Thanks for the answer!

So the idea would be to install some hadoop-related packages (nothing huge, mostly python and java based tools) on the labstore nodes and allow them to pull data from Analytics. This will be really lightweight and there should be no impact to the host.. Basically the current rsync will be translated into a copy from HDFS.
As for Kerberos, things are still under development, but I have some docs in:

https://wikitech.wikimedia.org/wiki/User:Elukey/Analytics/Kerberos
https://wikitech.wikimedia.org/wiki/User:Elukey/Analytics/Hadoop_testing_cluster

There are two hosts (krb1001 and krb2001), one for each DC, running on each a KDC daemon. The clients will be able to failover transparently (in theory) to a different KDC without any intervention if necessary. We have some basic automation to create principals and keytabs, and we support only one realm for the moment (WIKIMEDIA).

Nuria renamed this task from Shorten the time it takes to move files from hadoop to dump hosts by Kerberizing the dump hosts to Shorten the time it takes to move files from hadoop to dump hosts by Kerberizing/hadooping the dump hosts .Fri, Oct 4, 3:53 AM
elukey moved this task from Backlog to In Progress on the User-Elukey board.Wed, Oct 9, 3:12 PM
elukey moved this task from Kerberos to Waiting for others on the User-Elukey board.

@Bstorm any remaining doubts that we can discuss? :)

Well, so far, we generally coordinate on maintenance, reboots and service downtime with @ArielGlenn to at least some extent.
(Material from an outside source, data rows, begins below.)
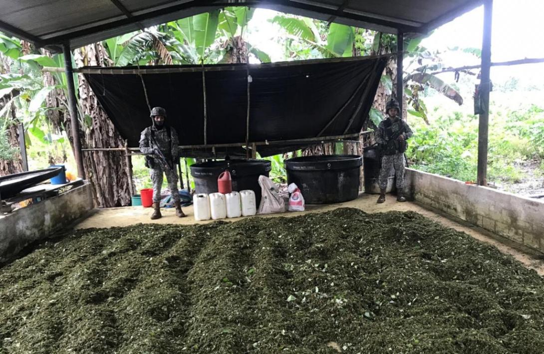 Les opérations ont été conduites dans la municipalité de San Miguel, dans le secteur connu sous le nom d’El Sabalo et dans la municipalité de Puerto Asís, dans la municipalité de Puerto Leguízamo, où les troupes de la Marine colombienne et de l’Armée nationale ont trouvé à l’intérieur des 4 laboratoires, 792 kilos d’précurseurs solides, 1 050 kilos de feuilles de coca et 133 gallons de précurseurs liquides, utilisés pour la production des stupéfiants.
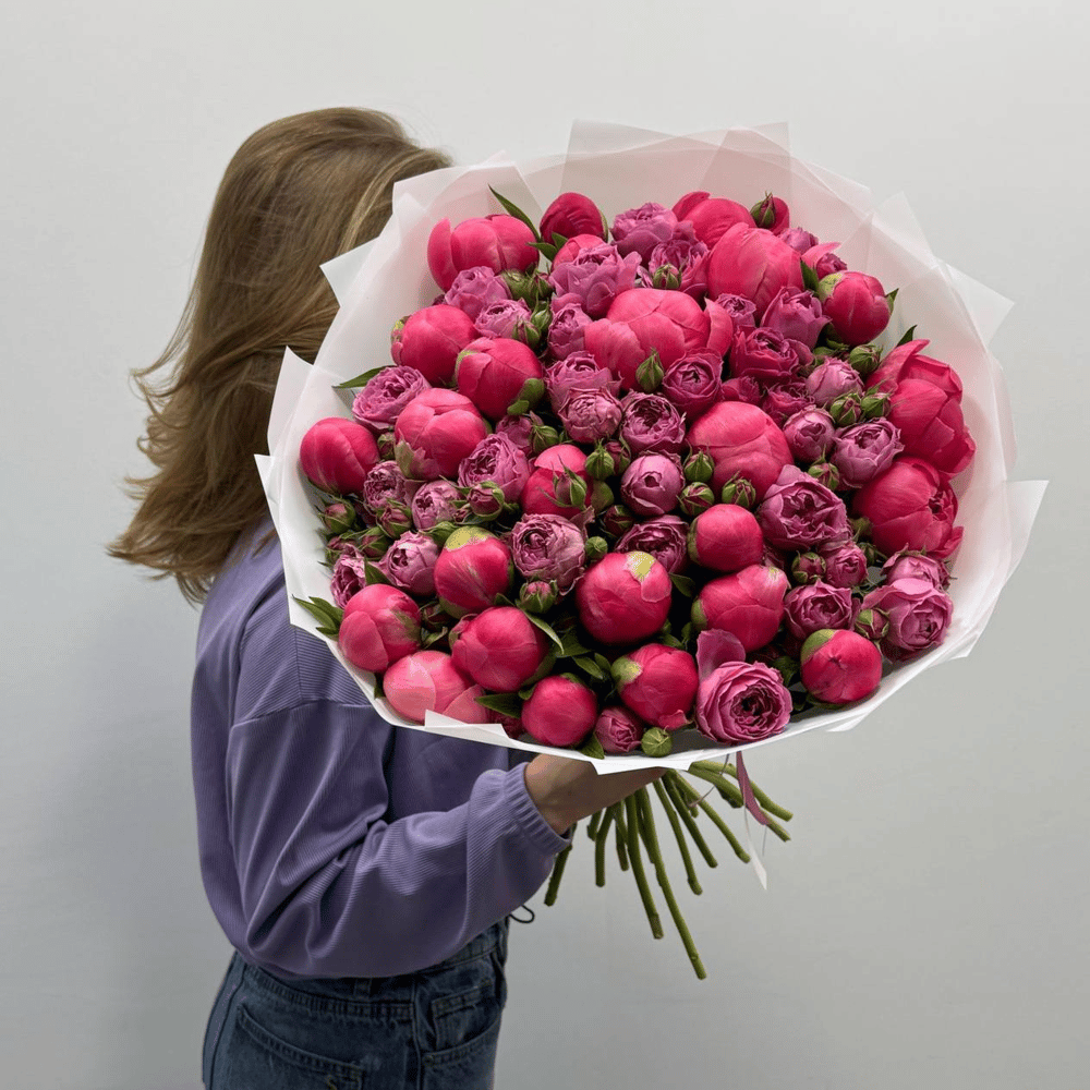 Шикарный букет пионов и кустовых пионовидных роз! Букет, который произведет невероятное впечатление! В состав букета входит 25 пионов и 10 кустовых пионовидных роз. Погрузитесь в мир утонченной красоты с нашим эксклюзивным букетом, в который вошли роскошные пионы сорта "Корал Шарм" и изысканные пионовидные розы сорта "Мисти Баблз". Этот букет станет идеальным подарком для любого повода — от романтического свидания до торжественного мероприятия.
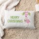 Een grillig tropisch kerstkussen. Een fancy roze flamingo met een poot omhoog. Het dragen van een roze kerstmuts en een seizoensgebonden hulst. Een bloemenboeket boven haar hoofd met suikerriet gekruist samen. Vrolijk kerstfeest in grote groene letters.
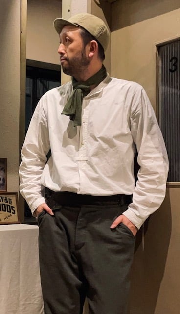 〔時は<1920’S〜30'S頃>。当時の『WORKERS&FARMERS』が着用していた、イギリスを代表する、伝統的な『SHIRT』から、インスピレーションを得て、作成しています。襟型が”BAND COLLAR”なのは、彼らが、この形を好んだ理由=各々で使用する『機械、工具』等に引っかかる事を恐れて、その当時は日常的だった『NECK TIE』を着用しなかったから〕という事柄を、ストーリーとしています。
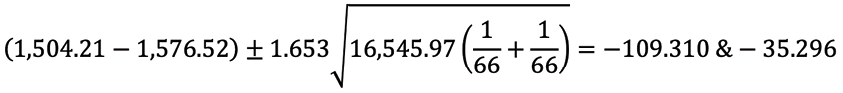 Equation 22: LSD Confidence Interval: Caffeine Carl’s Sales Does Not Equal Muriel Bristol’s
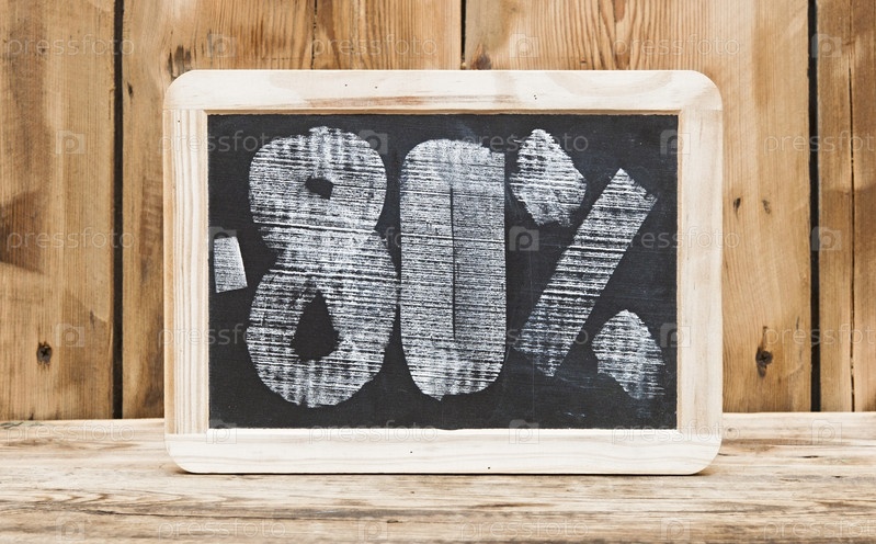 Скидка 80%, надпись на доске
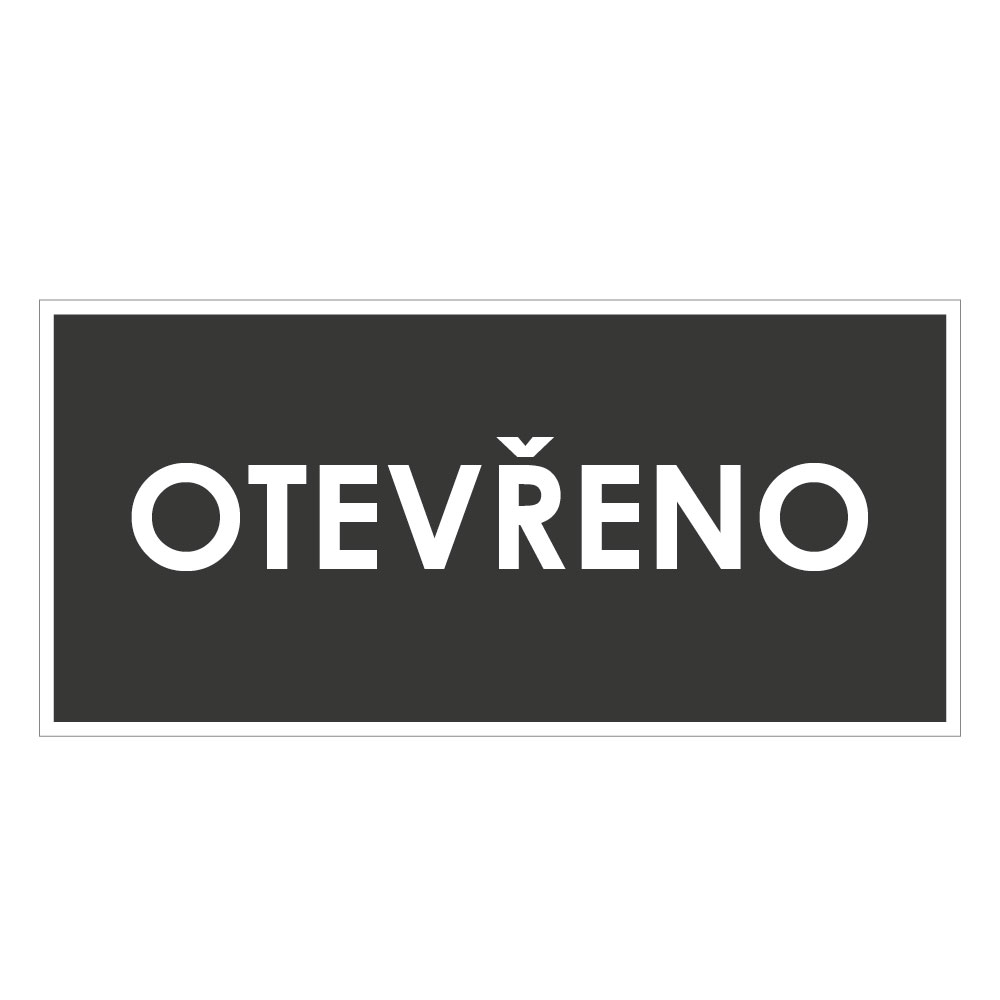 OTEVŘENO, šedá, samolepka, 190x90 mm

Should I assume that analytics team would be maintaining the state of hadoop client software on the dumps servers, and either way, are there special considerations to be taken when doing maintenance and reboots when it comes to the hadoop and kerberos setup?

Well, so far, we generally coordinate on maintenance, reboots and service downtime with @ArielGlenn to at least some extent. Should I assume that analytics team would be maintaining the state of hadoop client software on the dumps servers, and either way, are there special considerations to be taken when doing maintenance and reboots when it comes to the hadoop and kerberos setup?

Yes for sure, we'd maintain the hadoop client, but usually it is just applying a profile and that's it (unless we do a major upgrade, but in that case we take care of all the clients). No special considerations for reboots or maintenance, the client running on the labstore nodes will authenticate before starting, that's it, nothing to worry about on your side :)

Sounds like that takes care of my concerns.

@MoritzMuehlenhoff @ArielGlenn any concerns from your side?

elukey claimed this task.Tue, Oct 22, 7:25 AM
elukey added a subscriber: Milimetric.